**Material to process**

-=-=-

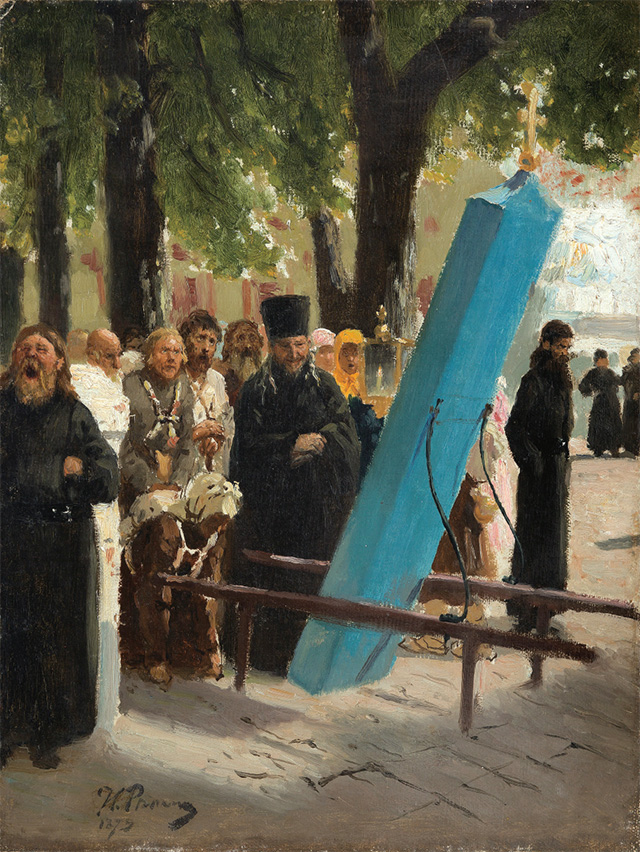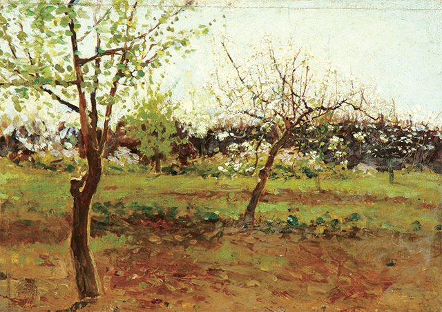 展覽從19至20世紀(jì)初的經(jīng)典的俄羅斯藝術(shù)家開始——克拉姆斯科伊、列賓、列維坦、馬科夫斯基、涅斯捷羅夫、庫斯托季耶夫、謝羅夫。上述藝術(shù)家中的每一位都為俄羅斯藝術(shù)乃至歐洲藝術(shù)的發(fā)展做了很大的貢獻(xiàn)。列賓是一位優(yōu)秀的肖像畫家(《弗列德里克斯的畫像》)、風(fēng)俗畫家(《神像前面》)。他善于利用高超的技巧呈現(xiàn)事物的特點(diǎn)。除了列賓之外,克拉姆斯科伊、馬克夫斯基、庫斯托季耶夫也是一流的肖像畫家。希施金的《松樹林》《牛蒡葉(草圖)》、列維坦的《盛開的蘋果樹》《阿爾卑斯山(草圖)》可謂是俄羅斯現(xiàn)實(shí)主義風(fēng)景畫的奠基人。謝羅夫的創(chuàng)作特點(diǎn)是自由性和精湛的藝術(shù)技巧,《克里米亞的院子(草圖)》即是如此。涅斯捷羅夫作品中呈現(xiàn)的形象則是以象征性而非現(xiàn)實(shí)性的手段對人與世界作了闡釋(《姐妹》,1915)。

-=-=-

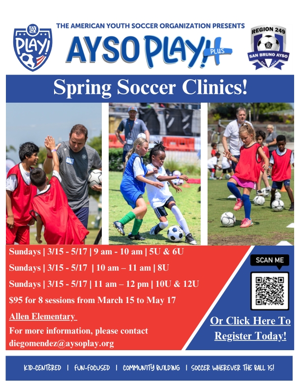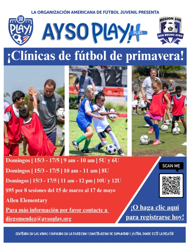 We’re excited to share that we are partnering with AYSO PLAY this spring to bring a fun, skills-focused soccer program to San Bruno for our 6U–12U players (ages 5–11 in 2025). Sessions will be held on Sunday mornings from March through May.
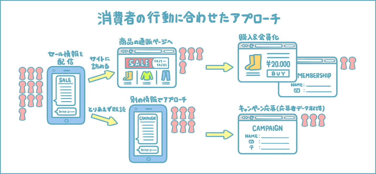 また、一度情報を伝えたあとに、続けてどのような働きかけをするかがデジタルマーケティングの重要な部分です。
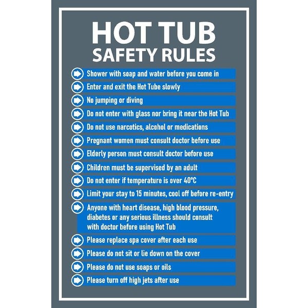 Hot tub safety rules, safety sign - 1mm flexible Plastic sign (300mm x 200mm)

-=-=-

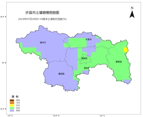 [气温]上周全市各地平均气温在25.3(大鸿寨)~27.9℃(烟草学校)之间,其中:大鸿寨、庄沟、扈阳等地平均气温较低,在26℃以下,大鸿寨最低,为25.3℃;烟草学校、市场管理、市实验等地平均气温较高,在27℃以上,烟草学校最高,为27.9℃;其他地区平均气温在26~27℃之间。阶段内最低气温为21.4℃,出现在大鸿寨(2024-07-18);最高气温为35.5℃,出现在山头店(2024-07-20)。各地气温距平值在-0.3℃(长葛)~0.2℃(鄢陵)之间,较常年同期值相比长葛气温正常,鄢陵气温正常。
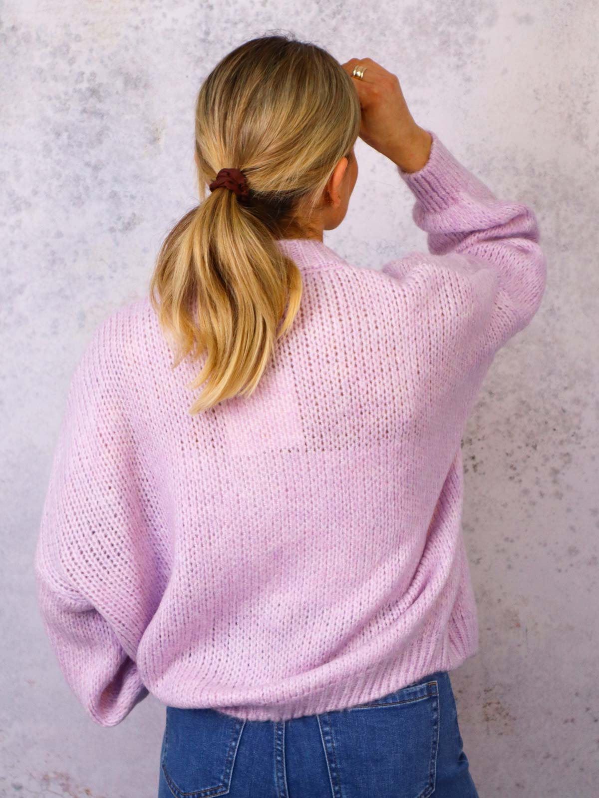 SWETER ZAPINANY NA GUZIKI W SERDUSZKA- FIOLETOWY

-=-=-

**Activity**
Transcribe the lines above exactly, beginning at the one with "また、一度情報を伝えたあとに" and ending at the one with "Hot tub safety". Include both; exclude the pictures.

**Output**
 また、一度情報を伝えたあとに、続けてどのような働きかけをするかがデジタルマーケティングの重要な部分です。
 Hot tub safety rules, safety sign - 1mm flexible Plastic sign (300mm x 200mm)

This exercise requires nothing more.